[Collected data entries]
┌──

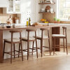● Rustic Farmhouse Style: Featuring walnut wood grains paired with light brown seat cushions, these wood barstools boast a charming farmhouse style that complements a wide range of living spaces.
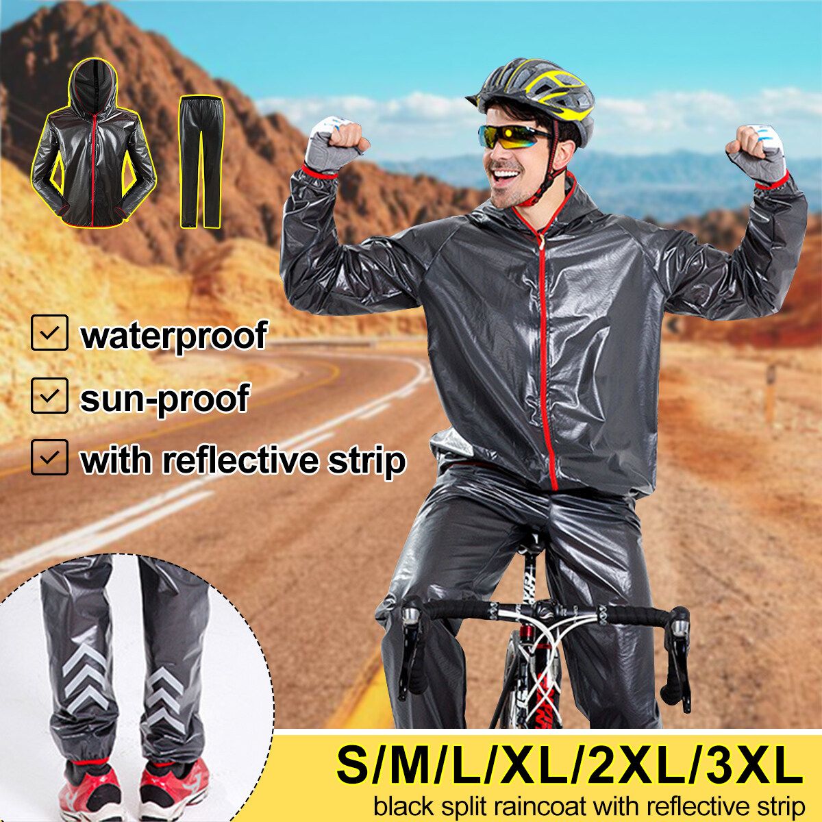 Similar ItemsDescriptionOutdoor Riding Suit Split Raincoat Reflective Strip Cycling Raincoat Rain Pants
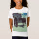 Camiseta com a pintura de óleo de Frederic Remington, O Viajante Belado (1906). Um cowboy bate em uma porta de cabine no meio de uma neve de inverno. Ele segura os reinos de um cavalo marrom ao seu lado. Um presente perfeito para amantes de cavalos e para o Velho Oeste.
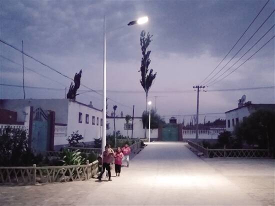 ■有了太阳能路灯,村民们夜间出行便利了很多。 |
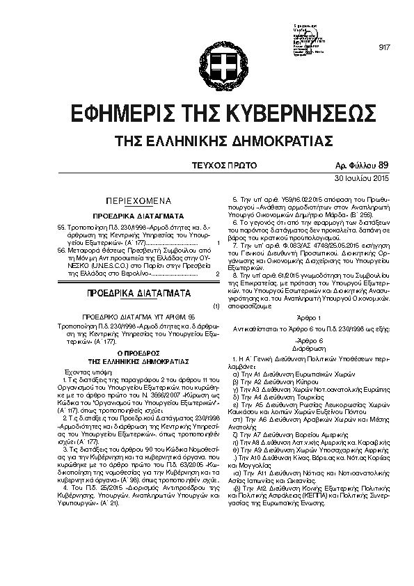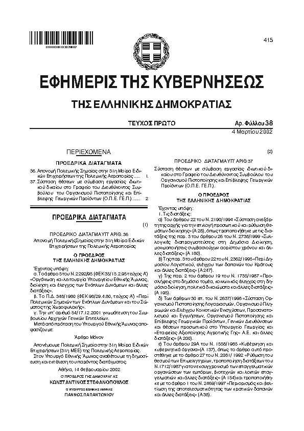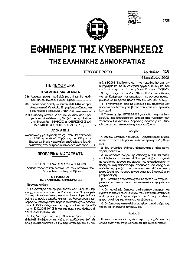 ΤΡΟΠΟΠΟΙΗΣΗ ΤΟΥ Π.Δ/ΤΟΣ 208/2000 «ΣΥΣΤΑΣΗ ΕΙΔΙΚΗΣ ΥΠΗΡΕΣΙΑΣ ΔΗΜΟΣΙΩΝ ΕΡΓΩΝ ΓΙΑ ΤΗΝ ΜΕΛΕΤΗ ΚΑΙ ΚΑΤΑΣΚΕΥΗ ΤΟΥ ΕΡΓΟΥ ΒΟΡΕΙΟΣ ΟΔΙΚΟΣ ΑΞΟΝΑΣ ΚΡΗΤΗΣ (ΕΥΔΕ/Β.Ο.Α.Κ.) » (ΦΕΚ Α’ 187).

└──

The copy you give must repeat each record character for character, but it must not include the pictures.

TASK ANSWER:
● Rustic Farmhouse Style: Featuring walnut wood grains paired with light brown seat cushions, these wood barstools boast a charming farmhouse style that complements a wide range of living spaces.
 Similar ItemsDescriptionOutdoor Riding Suit Split Raincoat Reflective Strip Cycling Raincoat Rain Pants
 Camiseta com a pintura de óleo de Frederic Remington, O Viajante Belado (1906). Um cowboy bate em uma porta de cabine no meio de uma neve de inverno. Ele segura os reinos de um cavalo marrom ao seu lado. Um presente perfeito para amantes de cavalos e para o Velho Oeste.
 ■有了太阳能路灯,村民们夜间出行便利了很多。 |
 ΤΡΟΠΟΠΟΙΗΣΗ ΤΟΥ Π.Δ/ΤΟΣ 208/2000 «ΣΥΣΤΑΣΗ ΕΙΔΙΚΗΣ ΥΠΗΡΕΣΙΑΣ ΔΗΜΟΣΙΩΝ ΕΡΓΩΝ ΓΙΑ ΤΗΝ ΜΕΛΕΤΗ ΚΑΙ ΚΑΤΑΣΚΕΥΗ ΤΟΥ ΕΡΓΟΥ ΒΟΡΕΙΟΣ ΟΔΙΚΟΣ ΑΞΟΝΑΣ ΚΡΗΤΗΣ (ΕΥΔΕ/Β.Ο.Α.Κ.) » (ΦΕΚ Α’ 187).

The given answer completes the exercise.